Stored items:
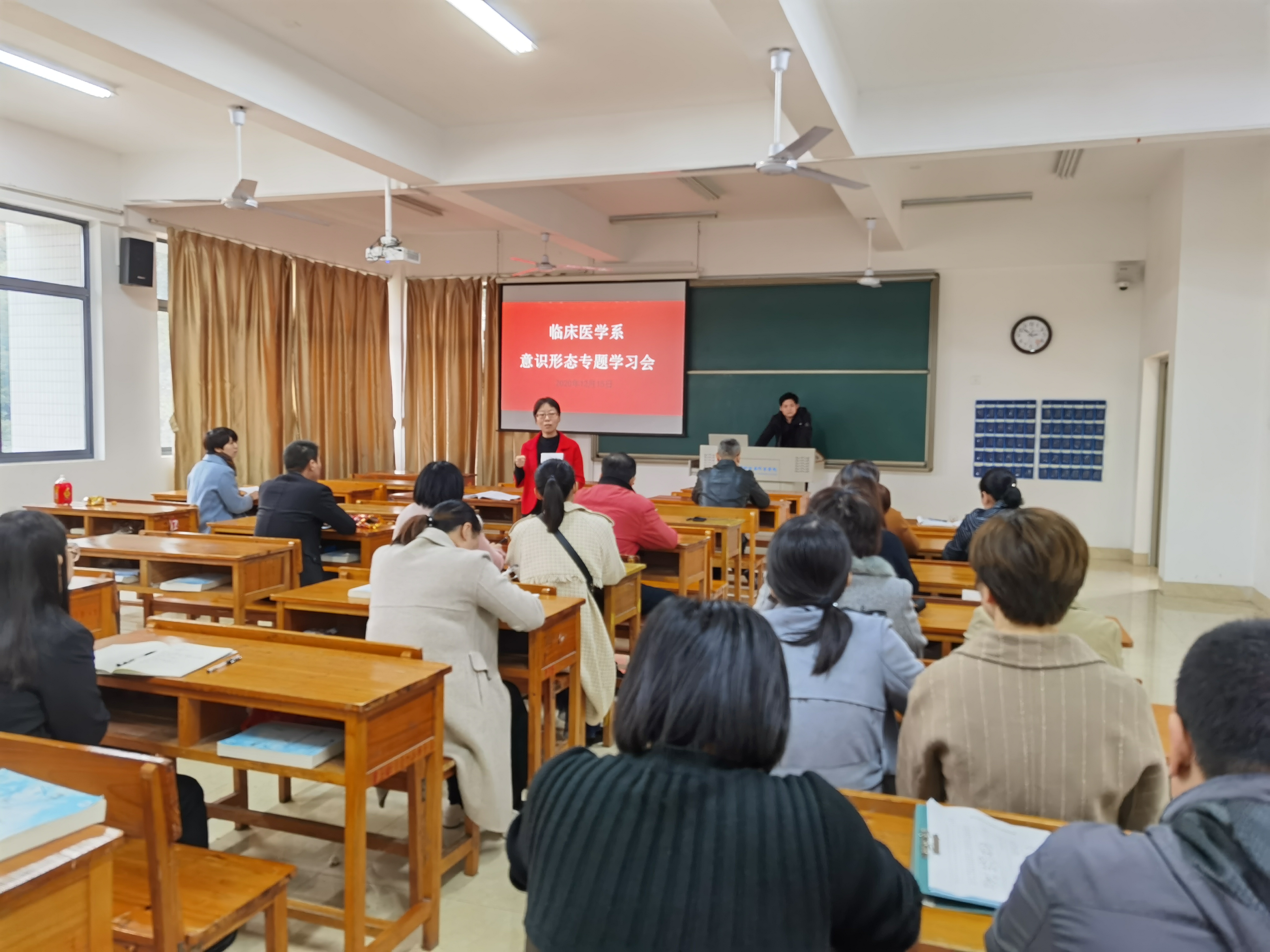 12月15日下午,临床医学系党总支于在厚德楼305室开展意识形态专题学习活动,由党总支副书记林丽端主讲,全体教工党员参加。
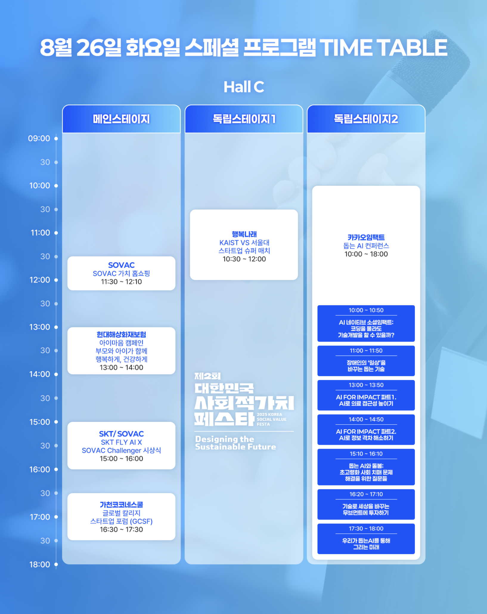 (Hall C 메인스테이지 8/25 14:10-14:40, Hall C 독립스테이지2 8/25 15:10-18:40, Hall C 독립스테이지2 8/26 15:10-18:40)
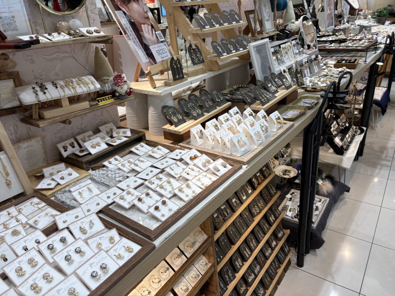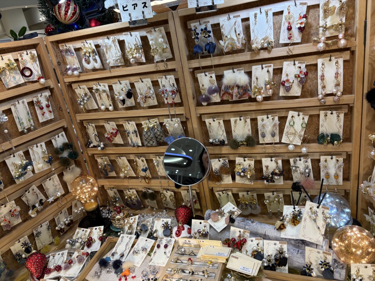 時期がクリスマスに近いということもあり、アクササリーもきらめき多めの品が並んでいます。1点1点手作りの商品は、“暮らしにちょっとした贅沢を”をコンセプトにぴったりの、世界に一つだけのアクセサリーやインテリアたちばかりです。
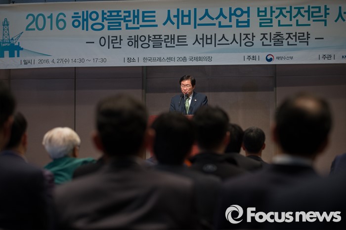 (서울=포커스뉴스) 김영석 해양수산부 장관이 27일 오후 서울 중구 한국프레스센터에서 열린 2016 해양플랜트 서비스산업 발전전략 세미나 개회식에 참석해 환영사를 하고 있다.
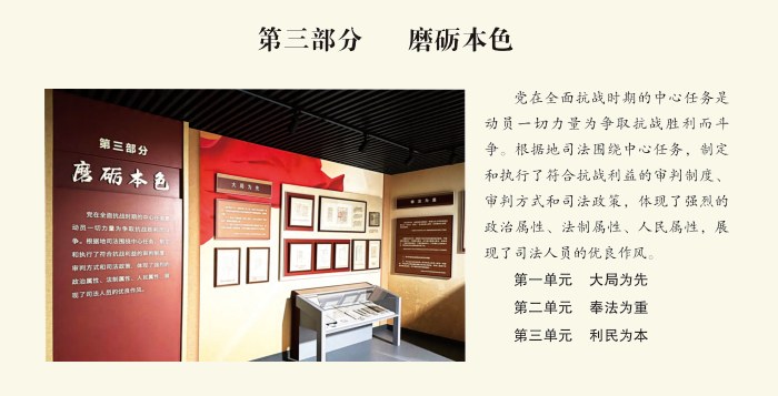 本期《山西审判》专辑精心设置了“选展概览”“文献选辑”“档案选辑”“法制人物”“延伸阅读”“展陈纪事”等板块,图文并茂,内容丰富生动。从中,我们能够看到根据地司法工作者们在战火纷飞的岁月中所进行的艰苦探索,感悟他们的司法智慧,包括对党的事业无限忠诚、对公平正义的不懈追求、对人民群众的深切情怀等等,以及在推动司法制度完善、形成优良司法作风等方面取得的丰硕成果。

* * *

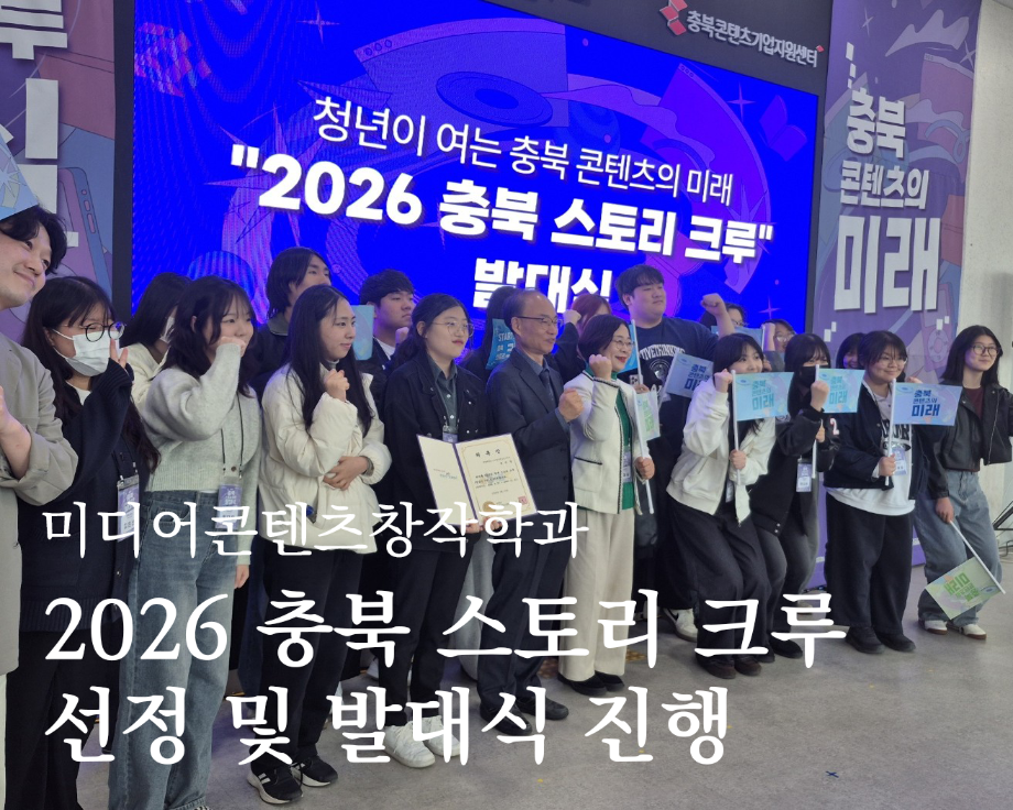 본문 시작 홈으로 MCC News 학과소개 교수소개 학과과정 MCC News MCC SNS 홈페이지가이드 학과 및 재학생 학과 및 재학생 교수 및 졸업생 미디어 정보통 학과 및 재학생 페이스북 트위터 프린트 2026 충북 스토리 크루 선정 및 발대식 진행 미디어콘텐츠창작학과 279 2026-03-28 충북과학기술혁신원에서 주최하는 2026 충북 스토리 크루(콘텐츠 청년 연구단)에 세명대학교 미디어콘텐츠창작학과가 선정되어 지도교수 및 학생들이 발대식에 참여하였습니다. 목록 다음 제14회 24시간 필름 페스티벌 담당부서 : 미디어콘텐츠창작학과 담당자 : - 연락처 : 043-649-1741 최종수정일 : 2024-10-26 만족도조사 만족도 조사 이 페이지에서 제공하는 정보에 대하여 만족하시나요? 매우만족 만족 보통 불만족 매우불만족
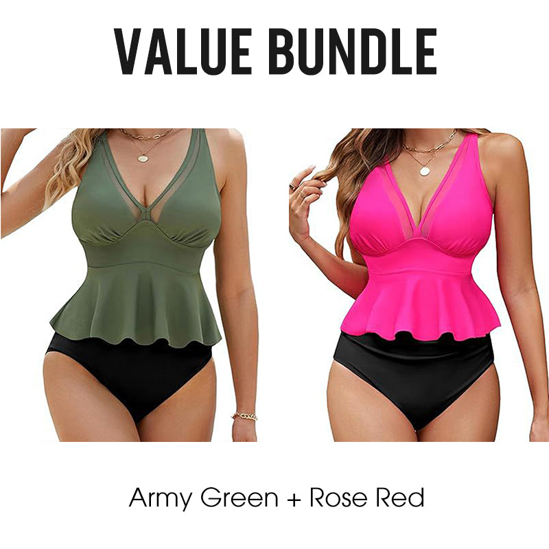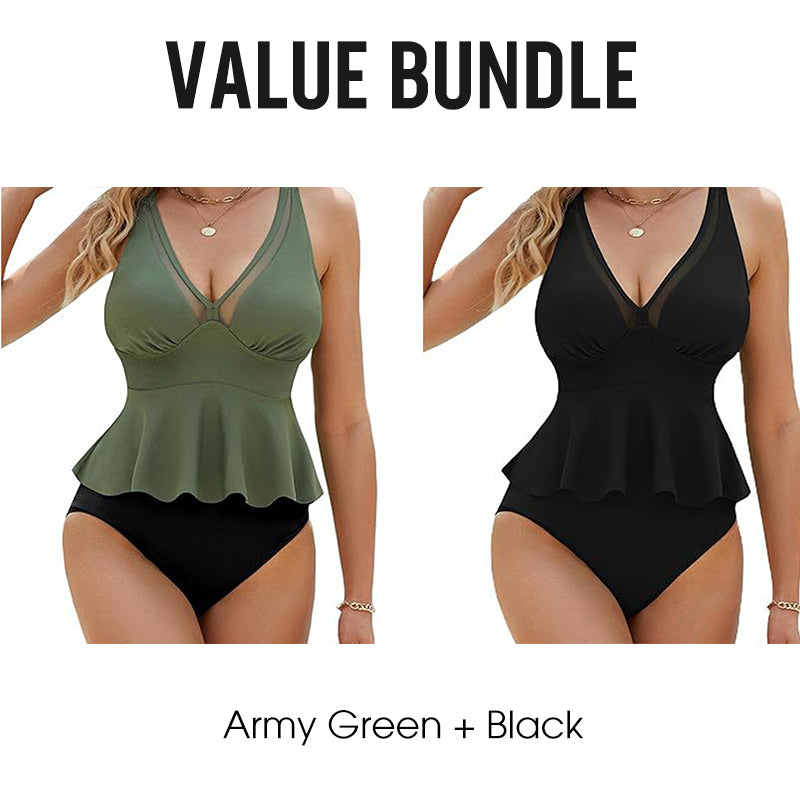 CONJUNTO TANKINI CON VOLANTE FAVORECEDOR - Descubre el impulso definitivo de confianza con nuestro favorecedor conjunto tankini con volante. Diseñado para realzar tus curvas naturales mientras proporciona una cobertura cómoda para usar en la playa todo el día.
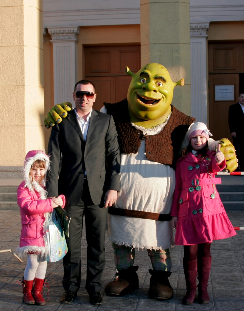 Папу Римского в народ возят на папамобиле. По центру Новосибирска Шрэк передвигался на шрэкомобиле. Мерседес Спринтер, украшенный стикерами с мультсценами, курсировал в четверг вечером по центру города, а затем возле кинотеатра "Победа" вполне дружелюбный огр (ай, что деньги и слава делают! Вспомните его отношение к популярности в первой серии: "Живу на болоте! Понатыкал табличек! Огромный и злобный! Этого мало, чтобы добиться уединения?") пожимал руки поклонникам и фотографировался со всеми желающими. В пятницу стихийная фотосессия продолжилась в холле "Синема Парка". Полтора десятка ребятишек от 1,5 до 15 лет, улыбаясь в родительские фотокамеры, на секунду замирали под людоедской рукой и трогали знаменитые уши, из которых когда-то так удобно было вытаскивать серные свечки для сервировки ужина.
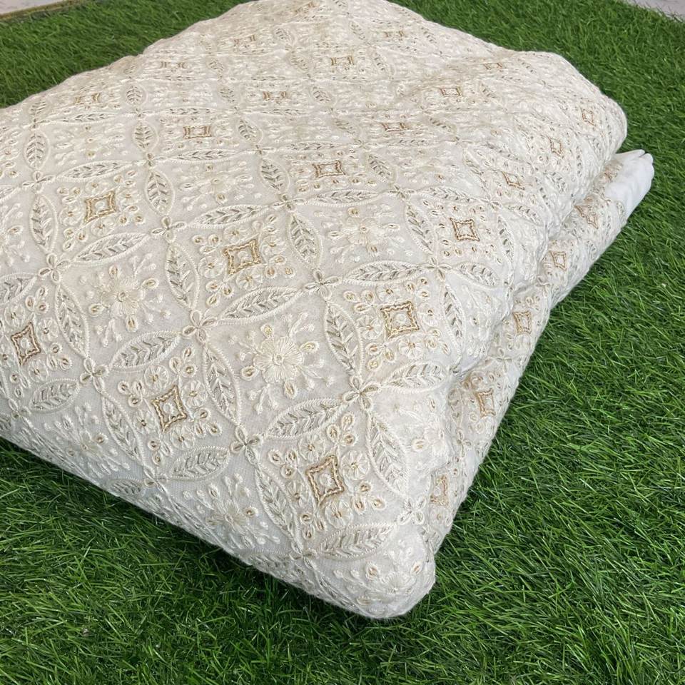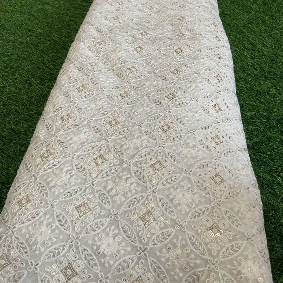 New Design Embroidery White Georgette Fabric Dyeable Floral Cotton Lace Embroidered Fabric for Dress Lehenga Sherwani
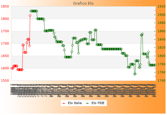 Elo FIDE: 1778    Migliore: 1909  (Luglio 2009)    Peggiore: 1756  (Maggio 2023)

● **What the exercise asks**
Among the entries above, take the line with "New Design Embroidery", the line with "Elo FIDE: 1778    Migliore: 1909  (Luglio", and all the lines between them, and restate them word for word without pictures.

● **Result of this exercise**
 New Design Embroidery White Georgette Fabric Dyeable Floral Cotton Lace Embroidered Fabric for Dress Lehenga Sherwani
 Elo FIDE: 1778    Migliore: 1909  (Luglio 2009)    Peggiore: 1756  (Maggio 2023)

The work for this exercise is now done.